Oui, si cela est acceptable de la part d'Anatole France, car, derrière ces mots, il y a une pensée fondée sur la connaissance de l'histoire et de la littérature, cela ne l'est pas de la part d'un pédagogue qui prétend remplacer la grammaire par l'observation des mots afin que l'élève puisse en déduire par lui-même la nature. Il est ainsi déconseillé au professeur de prononcer le mot « verbe » avant la deuxième partie de l'année scolaire en CP. N'est-il pas plus simple de dire à un enfant qu'on appelle verbe un mot qui porte l'action dans une phrase ? La différence entre la méthode inductive et la méthode déductive, c'est le nerf de la guerre, car c'est à partir de l'abandon progressif d'un enseignement logique et structuré que l'on se retrouve avec des enfants en carence qui ne maîtrisent pas la langue.
Or un enfant qui ne maîtrise pas la langue ne maîtrise ni la pensée, ni le monde. Il nourrit un sentiment de frustration et de rejet, qu'il exprimera plus tard d'une manière ou d'une autre.
Les méthodes pédagogiques d'apprentissage de la lecture doivent donc être revues, en se fondant sur l'évaluation des dispositifs existant sur le terrain. Des associations travaillent sur ces aspects, inventent des programmes, réfléchissent à des manuels scolaires progressifs. Je ne citerai que l'association SLECC, « Savoir lire, écrire, compter, calculer », et le GRIP, Groupe de recherche interdisciplinaire sur les programmes. En comparant les manuels produits par ces associations et les autres, on s'aperçoit facilement qu'il n'y a rien de complexe à se recentrer sur l'apprentissage des savoirs fondamentaux.
Bien évidemment, des arbitrages sont nécessaires. Il est important d'enseigner des problématiques comme la sécurité routière ou l'hygiène, mais là n'est pas la priorité. L'idée d'enseigner le français de manière transversale, dans toutes les matières, qui est restée en vogue pendant longtemps, est une aberration. Il ne sera jamais identique pour un enfant de se voir expliquer une règle de grammaire dans le cadre d'un autre cours, alors même qu'il essaie de se concentrer, et de suivre un véritable cours de français. Arrêtons de compliquer les choses ! Un enfant a besoin de simplicité, de logique. Allons voir sur le terrain les méthodes qui marchent. Les enseignants du groupe SLECC ont d'excellents résultats, et apprennent à lire à leurs élèves avant la fin du CP. Or, un enfant qui ne sait pas lire à la fin du CP a 80 % de chance d'être par la suite en difficulté scolaire, car c'est sur la base d'un socle solide de fondamentaux que l'on peut ensuite déployer les autres savoirs.

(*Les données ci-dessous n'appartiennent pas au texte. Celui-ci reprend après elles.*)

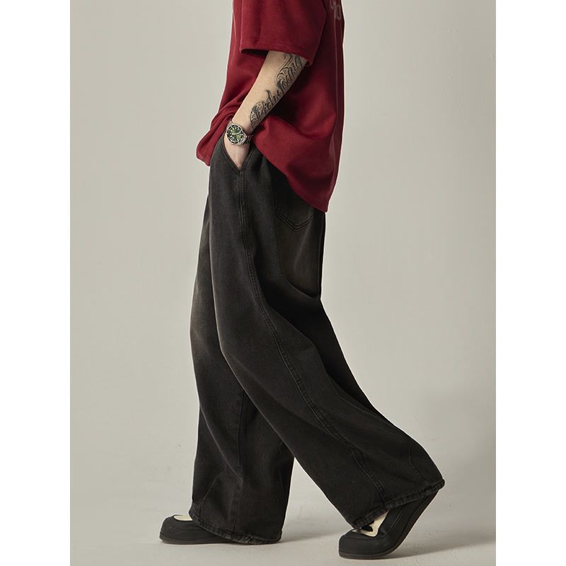 Herren weite Denim-Hose im urbanen Stil mit lässigem Schnitt und bequemem Gummizug Aliams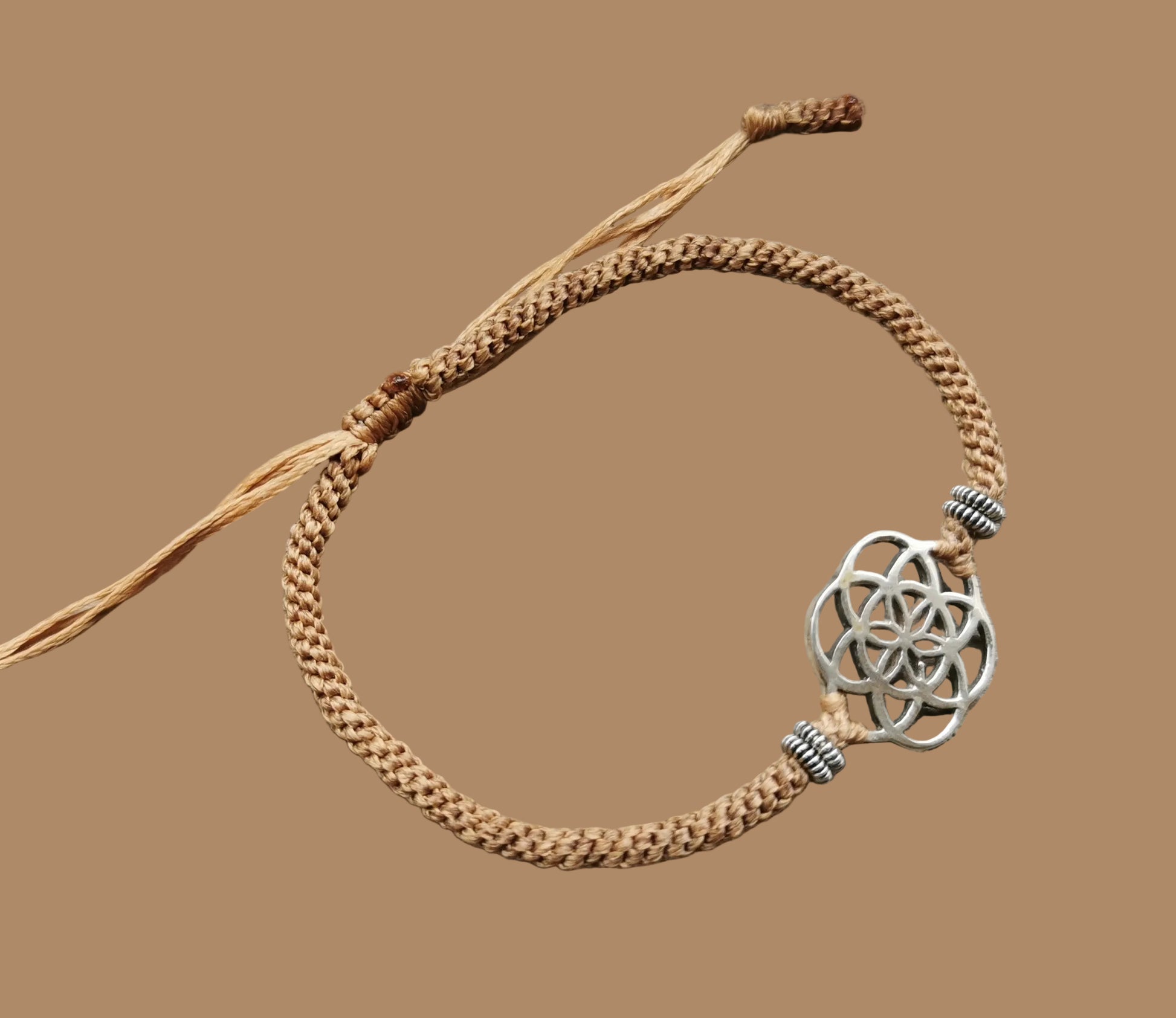 Ref.BR0018 - Silver bracelet with Solar Mandala, aka Seed of Life, geometry.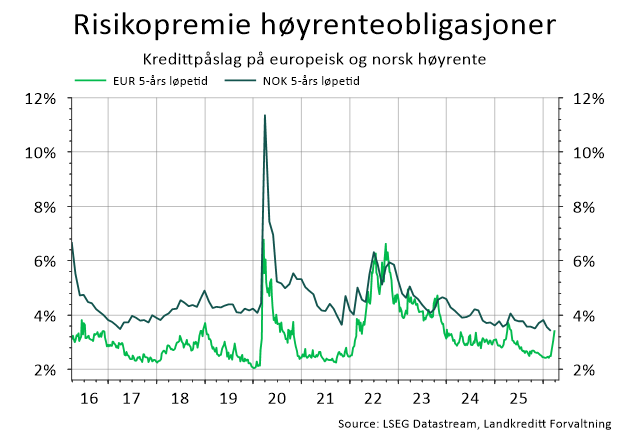 Figur 1: Risikopremie på høyrenteobligasjoner i Europa og Norge. Data hentet fra LSEG Datastream og Landkreditt Forvaltning.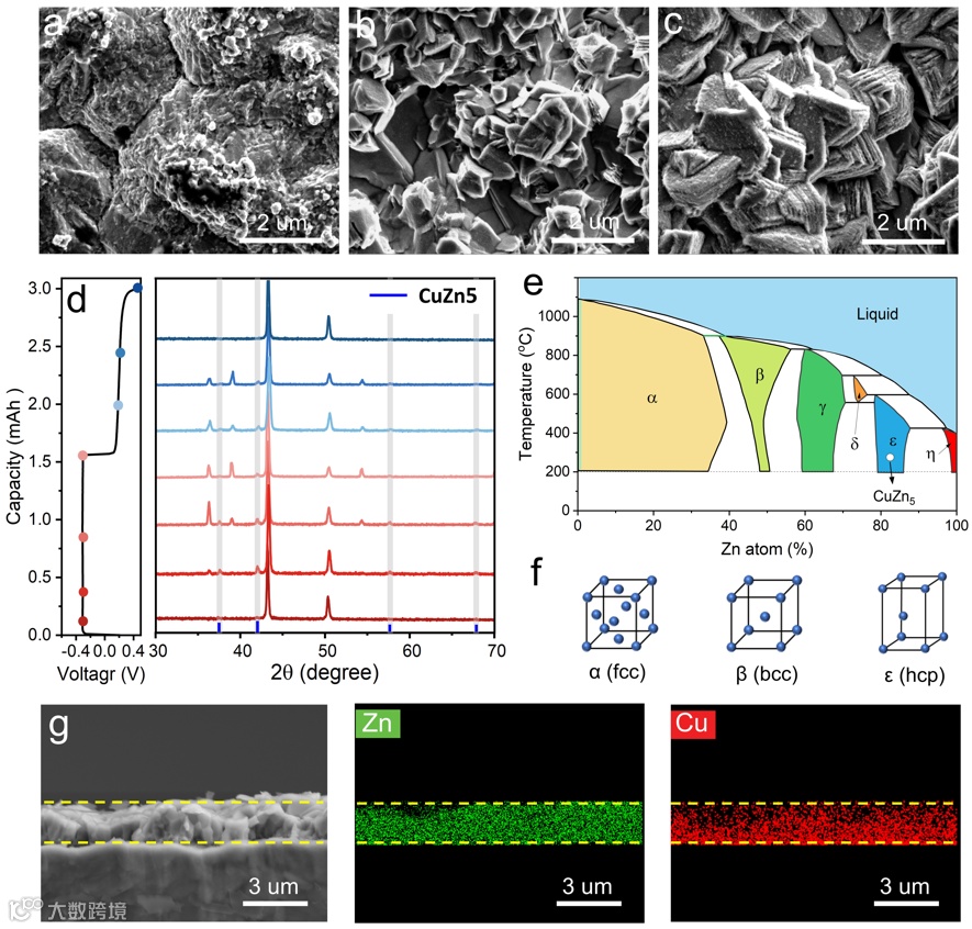 图6.(a-c)在0.2、0.5和1.0 mAh下于ZBFD电解质中在Cu电极上电镀Zn的SEM图像。(d)在第20次Zn镀覆/剥离循环期间Cu电极的XRD图案。(e)二元相图和(f)相应的Cu-Zn合金的晶体结构。(g)在20个Zn沉积/剥离循环之后的Cu电极横截面的SEM图像以及Zn和Cu的元素分布。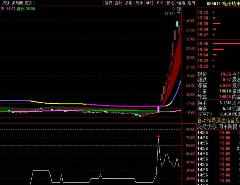 中科曙光量能评分20分+筹码评分12分+突破年线加分=总分72

Des générations entières sont aujourd'hui perdues. Comment faire pour limiter les dégâts ? L'essentiel est que tous les enfants puissent trouver, à l'école, des enseignements qui les nourrissent et répondent à leur quête de sens et de valeurs. Pour cela, nous devons rétablir des méthodes efficaces, dès le primaire. L'institution doit reprendre conscience de son rôle. Elle se doit également de transmettre un récit national, non pas un endoctrinement, qui ressasse les vieilles images d'Épinal, mais un roman national reconstruit en fonction de notre vision moderne. C'est de cette manière que l'école peut faire comprendre aux enfants, d'où qu'ils viennent, que ce pays est à eux, et que l'histoire de France, même si elle n'est pas celle de leurs parents, est néanmoins la leur, car leur avenir est en France. Si l'on imagine que l'on va favoriser la cohésion républicaine en enseignant aux enfants ce que l'on croit être leur histoire, on se trompe et on fait même preuve de mépris, car leur peuple est la France. Je vous donnerai l'exemple d'un de mes étudiants de l'université Léonard de Vinci, d'origine antillaise, qui, ayant reçu une mauvaise note sur un devoir d'histoire, m'avait assuré de pas avoir besoin de connaitre l'histoire de France car il connaissait déjà celle de son peuple, à savoir l'esclavage. C'est la démonstration que la société nationale est aujourd'hui fracturée !
Cela doit se décliner de manière très concrète dans les classes. Chaque mot que prononce un professeur, la façon de présenter une connaissance, un livre, un texte, a toute son importance. La consolidation des piliers de l'institution doit donc avant tout se traduire par un renforcement de la formation des professeurs.